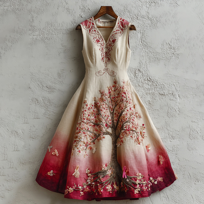 Women's Tree Of Life Pink Ribbon Embroidery Tank Maxi Dress
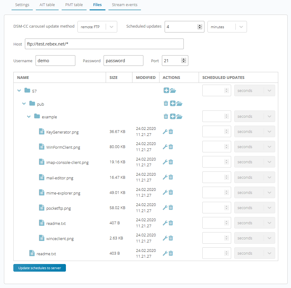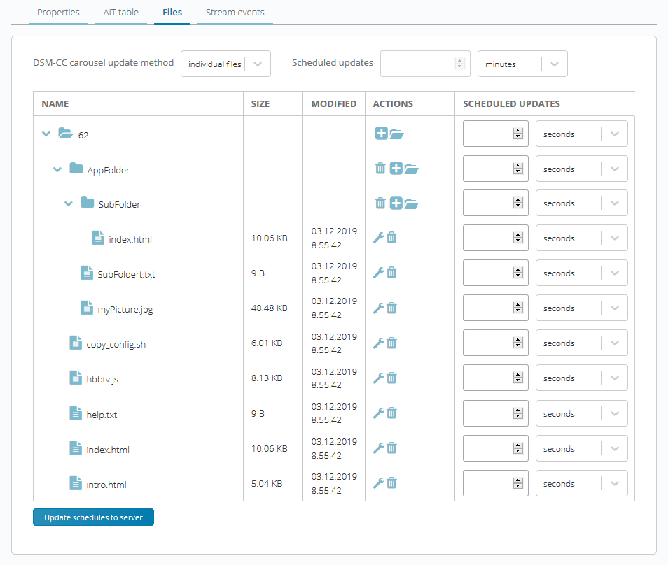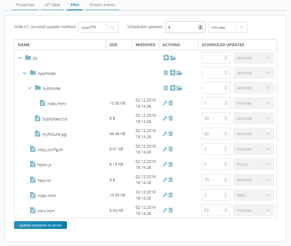 The broadcasting of the carousels is managed per DVB service and utilizing timers, it may be fully automated and controlled also from 3rd party systems.
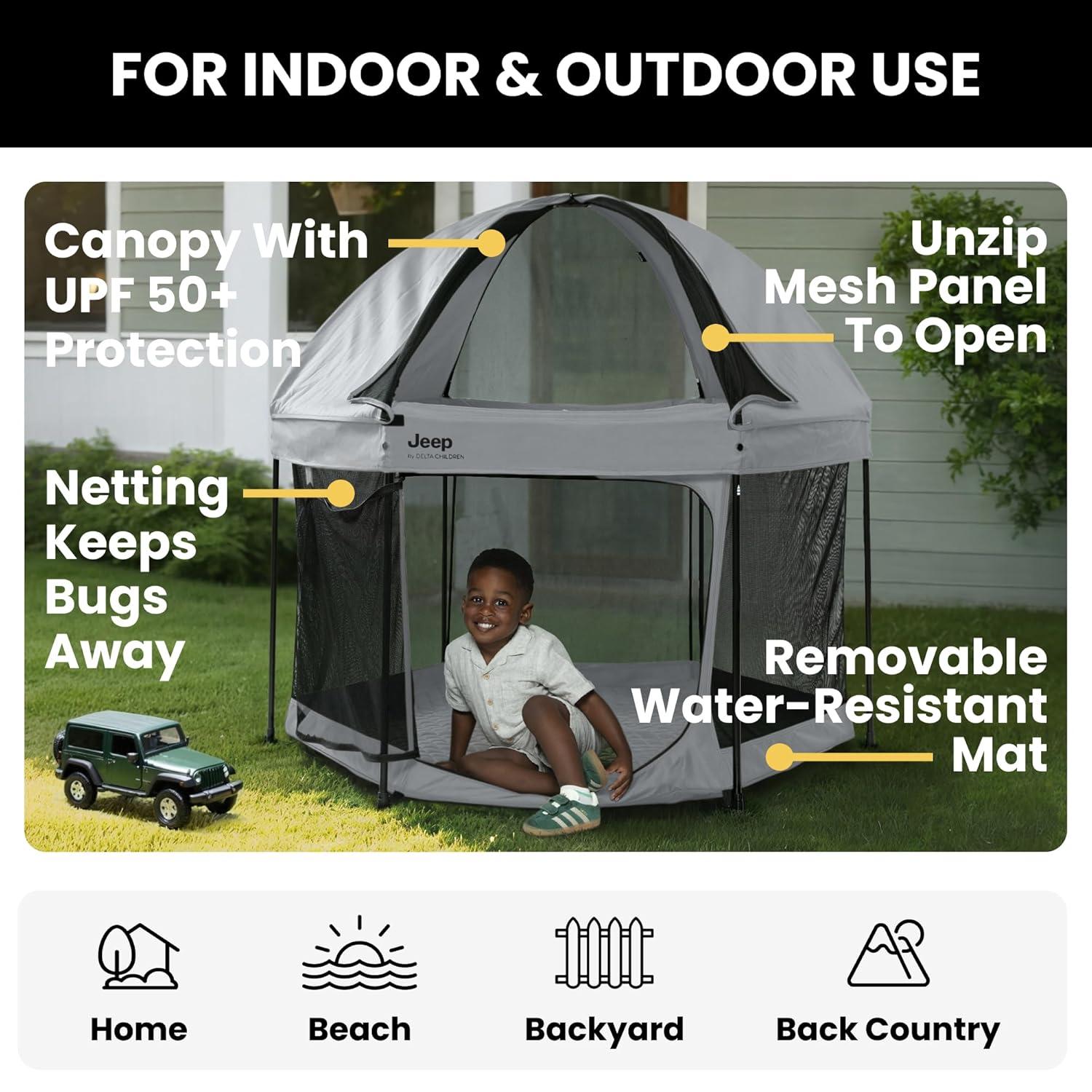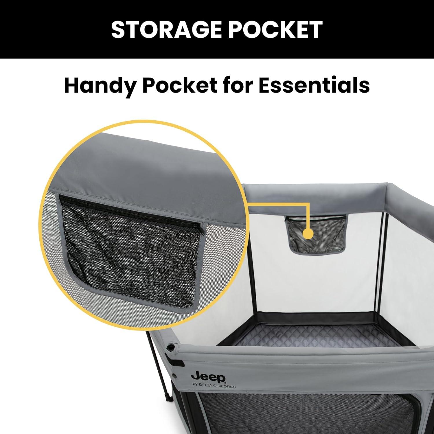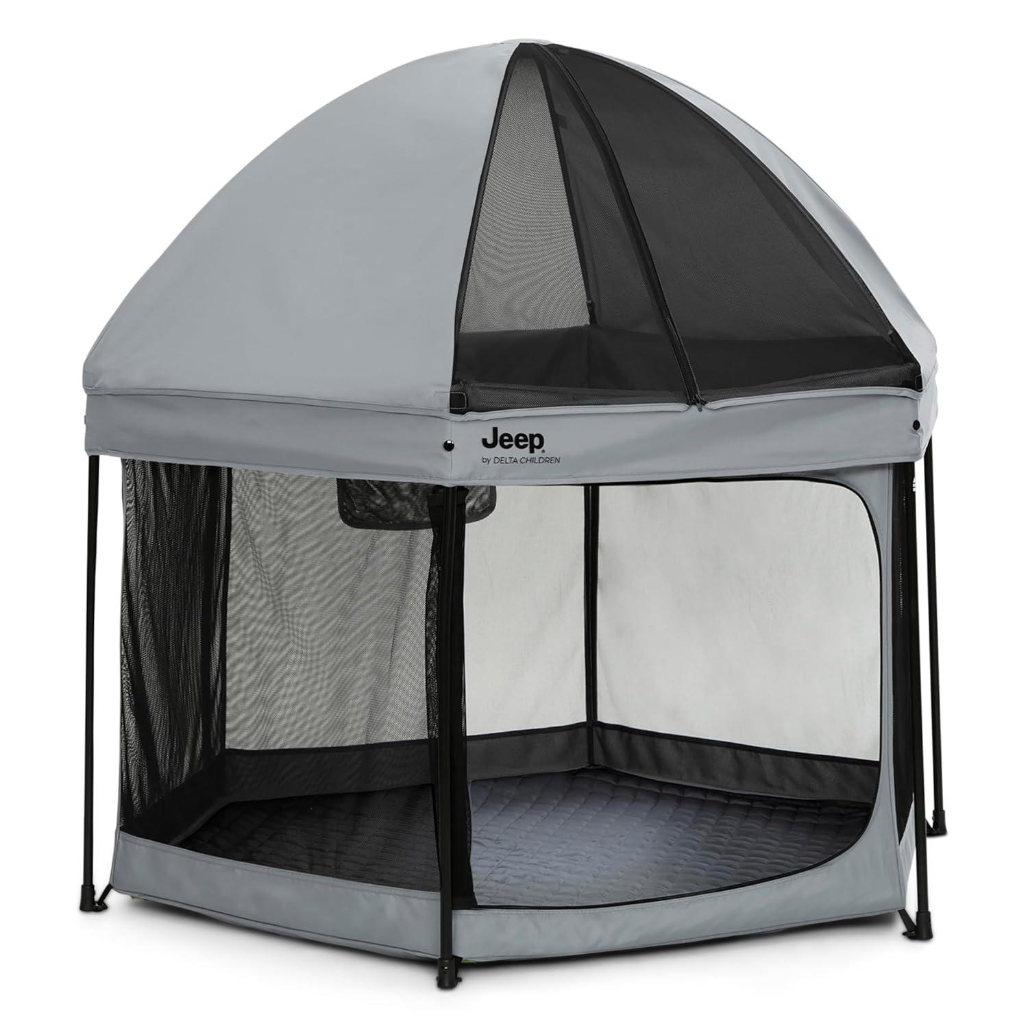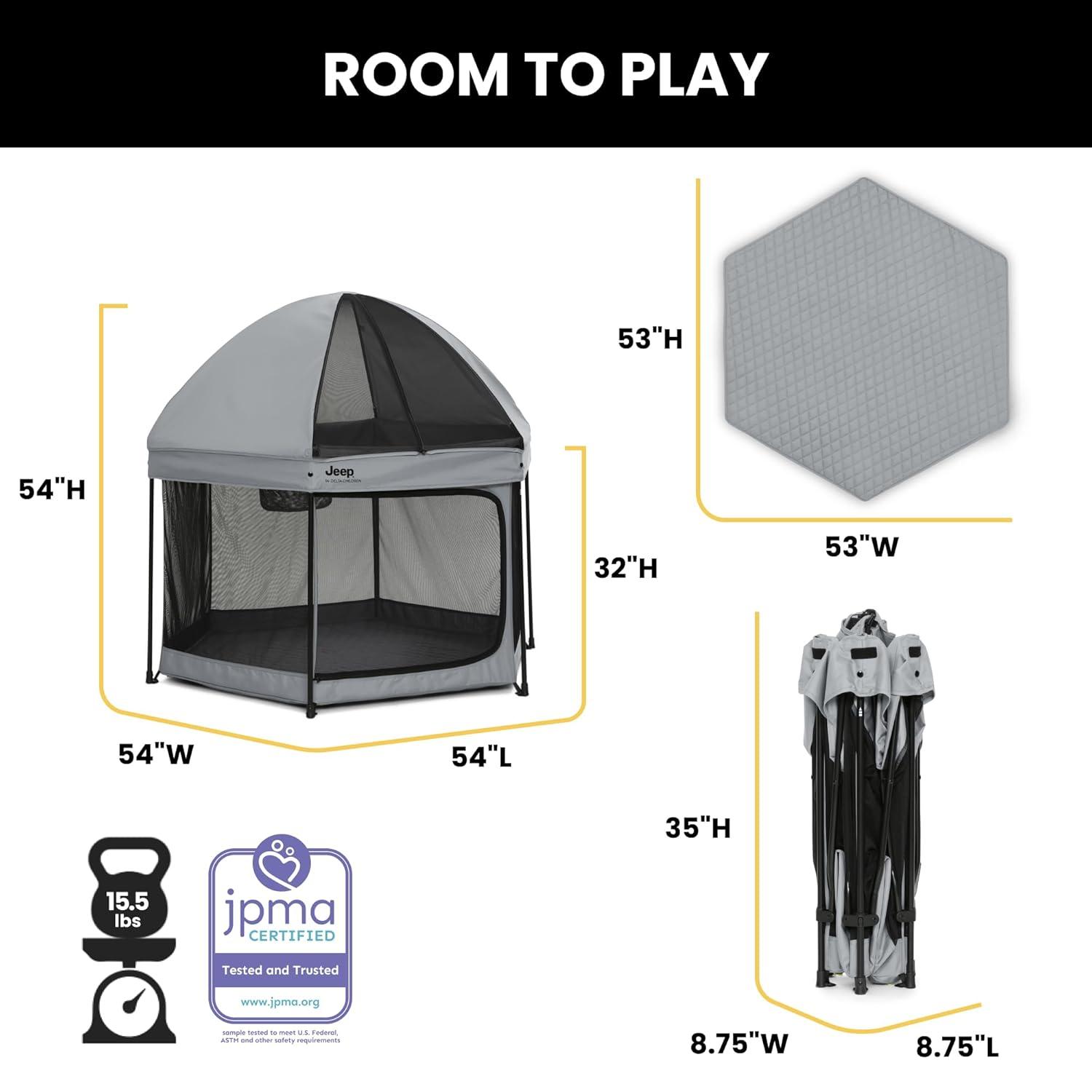 Adventure awaits with this Jeep Hexagon Pop Up Play Yard with Removable Canopy by Delta Children. A premium indoor and outdoor baby playpen, this play yard will be your baby’s portable haven of fun and safety! The lightweight, pop-up design allows you to set up or fold in seconds and the included carrying bag makes travel or storage easy. This portable, water-resistant play area keeps your child in a safe, nearby space whether at home or on the go. Even on a sunny day, the fully removable canopy offers protection from the sun by blocking harmful UVA/UVB rays with UPF 50+ protection. Airy mesh netting on all six sides allows for maximum ventilation and provides a clear view. Perfect for playtime on the go, use the Jeep Hexagon Pop Up Play Yard with Removable Canopy in the backyard, back country, beach or beyond.

- - -

TASK BRIEF - The copy must match every line of the data exactly and contain no pictures.

RESULT BELOW -
 Women's Tree Of Life Pink Ribbon Embroidery Tank Maxi Dress
 The broadcasting of the carousels is managed per DVB service and utilizing timers, it may be fully automated and controlled also from 3rd party systems.
 Adventure awaits with this Jeep Hexagon Pop Up Play Yard with Removable Canopy by Delta Children. A premium indoor and outdoor baby playpen, this play yard will be your baby’s portable haven of fun and safety! The lightweight, pop-up design allows you to set up or fold in seconds and the included carrying bag makes travel or storage easy. This portable, water-resistant play area keeps your child in a safe, nearby space whether at home or on the go. Even on a sunny day, the fully removable canopy offers protection from the sun by blocking harmful UVA/UVB rays with UPF 50+ protection. Airy mesh netting on all six sides allows for maximum ventilation and provides a clear view. Perfect for playtime on the go, use the Jeep Hexagon Pop Up Play Yard with Removable Canopy in the backyard, back country, beach or beyond.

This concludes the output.